C. Ola Landgren, MD, PhD, discusses the feedback he received on minimal residual disease at this year’s Miami Myeloma MRD Meeting in April.
C. Ola Landgren, MD, PhD, professor of medicine and chief of the myeloma division and the Myeloma Institute at the Sylvester Comprehensive Cancer Center at the University of Miami, discusses the feedback he received on minimal residual disease (MRD) at this year’s Miami Myeloma MRD Meeting in April.
Landgren says that at this year’s meeting, the first after the FDA approved the use of MRD as a trial end point, he heard excitement about new study designs using MRD in development. This can include creating a single trial that can support accelerated approval based on MRD and regular approval based on progression-free survival (PFS) rather than separate phase 2 and 3 studies.
There is also interest in using MRD to guide treatment approaches such as intensifying or stopping treatment based on MRD. Patients and physicians are eager to use blood-based MRD testing to avoid frequent bone marrow biopsies.
According to Landgren, the workshop has continued to have positive discussions and involve different stakeholders including researchers, clinicians, and patients attending.

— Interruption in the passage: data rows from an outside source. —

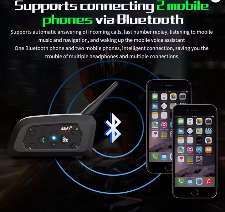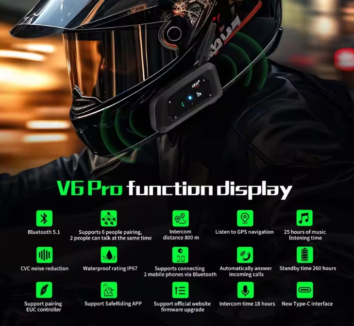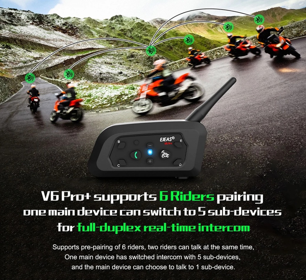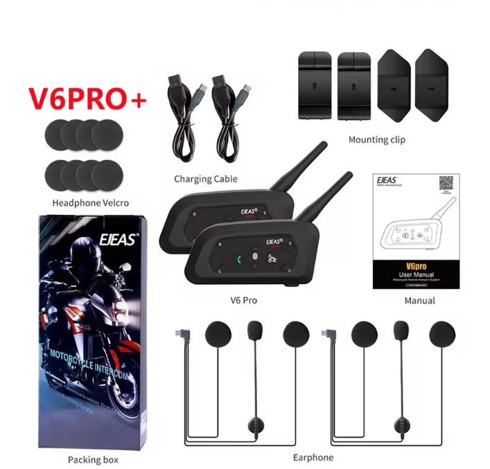 Intercomunicadores EJEAS V6 PRO+ para capacete mota kit 6x unidades comunicação até 800 metros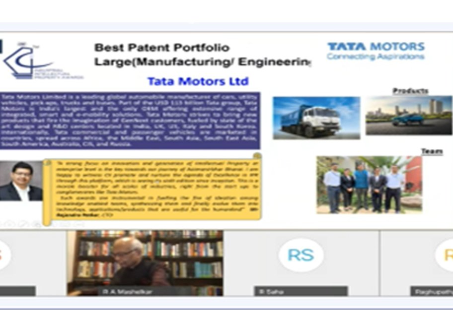 Tata Motors Ltd won the award in the Category of Best Patent Portfolio, Large(Manufacturing/ Engineering)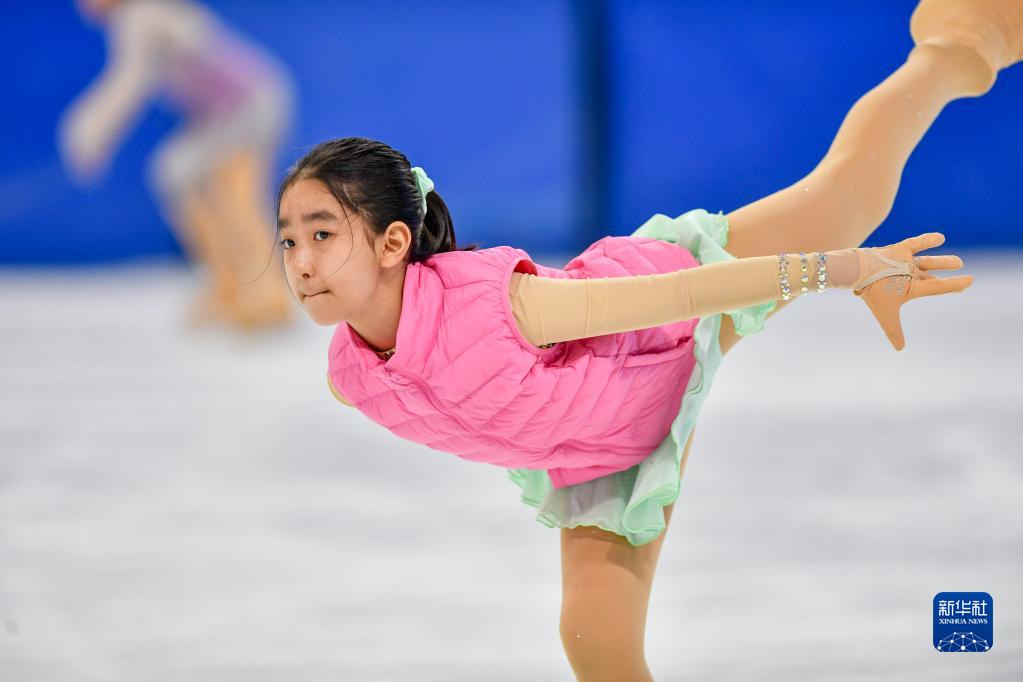 10歲的參訓小學(xué)員娜西巴·艾尼瓦爾在新疆冬季運動(dòng)管理中心訓練(1月29日攝)。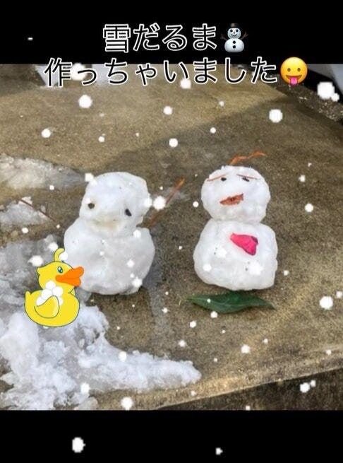 小さな雪だるまは、1時間ほどで、悲しい感じになりましたが、作ってる時は童心に帰って楽しかった♫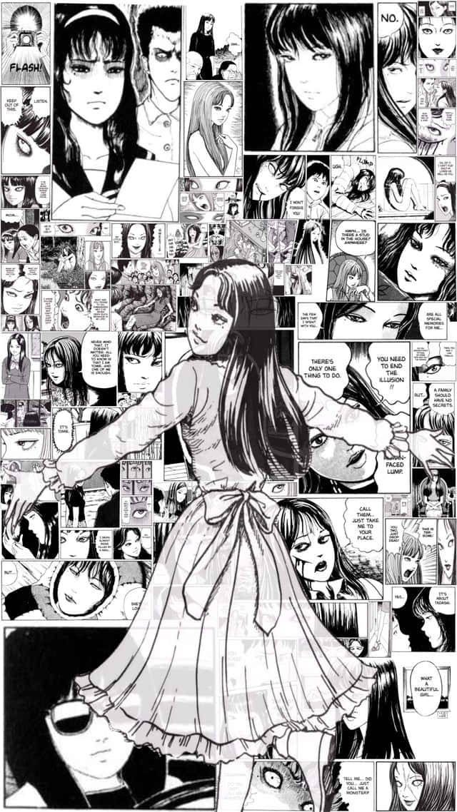 A Black And White Image Of A Girl In A Dress Wallpaper

The ultimate step he hopes to see is using MRD negativity to find a curative regimen for multiple myeloma.
TRANSCRIPTION
0:10 | The feedback we hear is that people are very excited about MRD going forward in the field for trial designs and how new study designs could be developed. Instead of using a single-arm study where you look for the early end point for accelerated approval, and then you do a randomized trial where you capture PFS, you could think of a randomized trial right away. You could read out MRD first, and then you power the study so you can read out PFS from that same study years later, so one study can deliver everything. That's what the FDA wants to see, and that's what academia is discussing.
0:54 | I mentioned before that there is a lot of interest in using MRD for decision making. It goes without saying that the interest in new blood-based technologies is great. Patients are asking, “Can there be blood-based tests, so I don't have to do bone marrow biopsies all the time?”

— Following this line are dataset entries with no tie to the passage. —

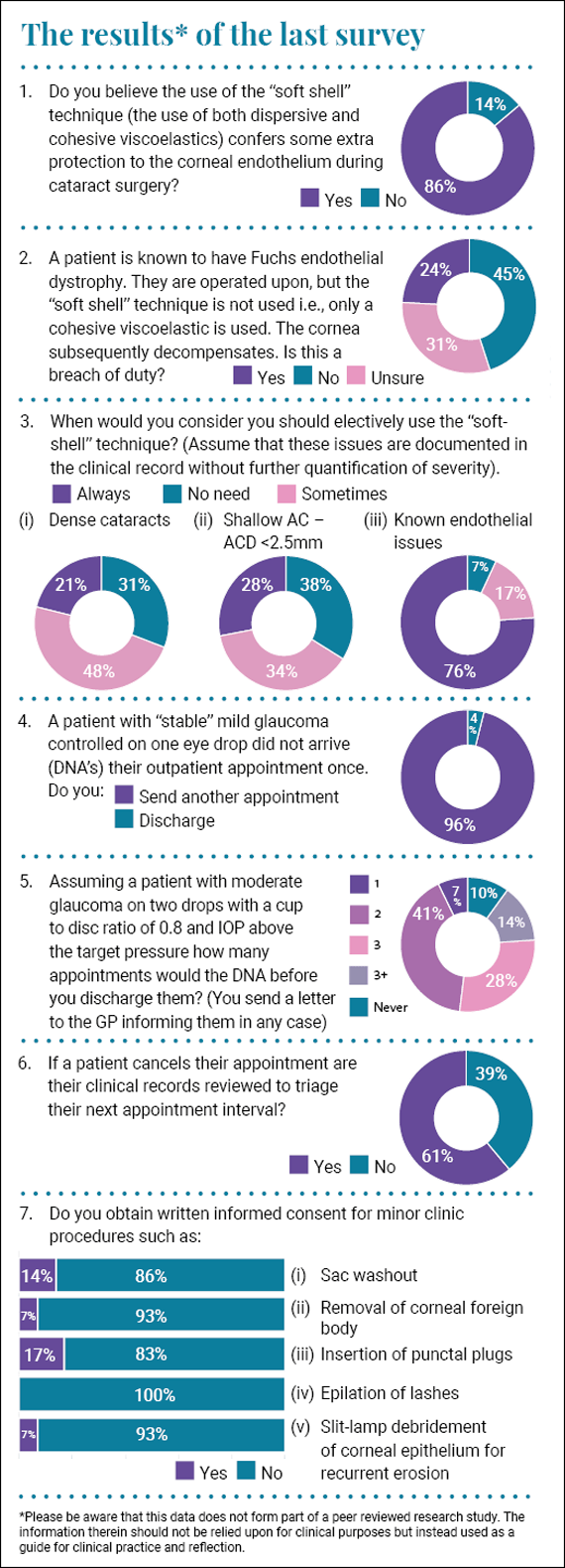 When I asked you whether you felt that the use of the soft-shell technique confers some extra protection to the corneal endothelium during cataract surgery, 86% of you agreed with me. Interestingly, 14% of you did not. If those 14% do not use the technique then they need to be able to robustly explain why if the cornea does decompensate. Almost inevitably they could face allegations that they should have used it.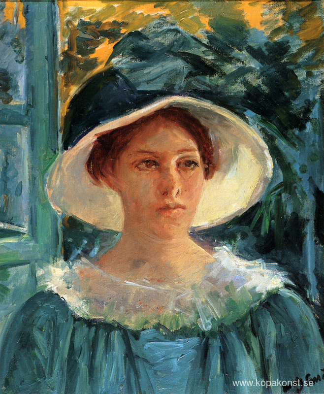 Vi erbjuder dig en hantverksmässig reproduktion på duk av det berömda konstverket 'Ung Kvinna I Grönt Utomhus I Solen' av Mary Cassatt, från Reproduktionsmuseet.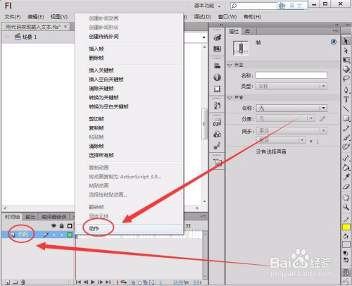 将图层1重定名为代码图层,在图层的第1帧右击,打开动作面板。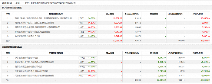 具体来看,高盛(中国)证券上海浦东新区世纪大道证券营业部、国金证券福州古田路证券营业部分别买入1.09亿元、8294.94万元;华泰证券总部、财通证券温岭中华路证券营业部分别卖出8230.86万元、7612.29万元。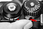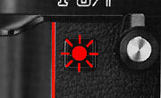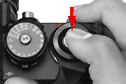 A convenient built-in viewfinder illuminator lets you see the the LCD exposure information and the aperture, even in dim light. To turn on the illuminator, push the red illuminator button located at the base of the viewfinder just in front of the shutter speed dial (72).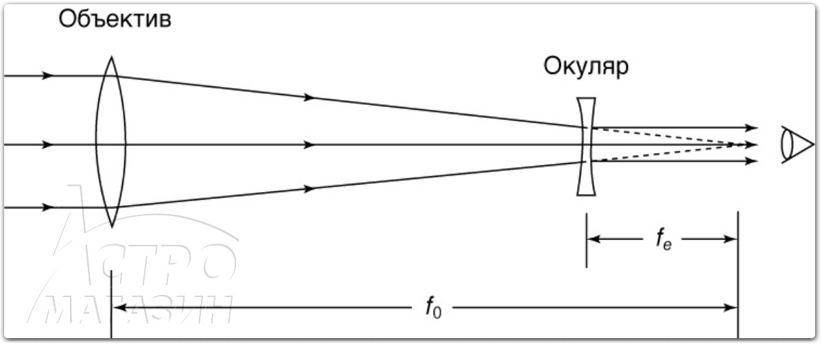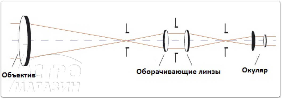 В системе Галилея, технически, оборачивающие элементы отсутствуют вовсе. Дело в том, что конический пучок света, собранный объективом, рассеивается отрицательной линзой до параллельных лучей. Эта линза устанавливается непосредственно перед фокусом объектива и выполняет, собственно, роль окуляра. Выходит, что лучи просто не успевают пересечься в фокусе и картинка остаётся неперевёрнутой.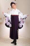 白地にピンクと赤のバラが描かれたキュートな二尺袖に紫の袴を合わせて、さらにゴージャス感UP!大人カワイイ袴フルセットです。

1:22 | All these different perspectives were addressed. People have reached out and they were very excited. People want to come and talk more about it. We even had patients attending this year sharing their perspective, which I think is the future of medicine—to have everyone involved, not only the medical field and the developers with all the technologies, but of course, the patients. We will continue to have an inclusive leadership. We want to invite anyone who is interested, and we want to drive the field forward. Ultimately, what we would like to do is to see how we can use MRD negativity as a tool to develop a cure for the disease, and that's the No. 1 goal for the field.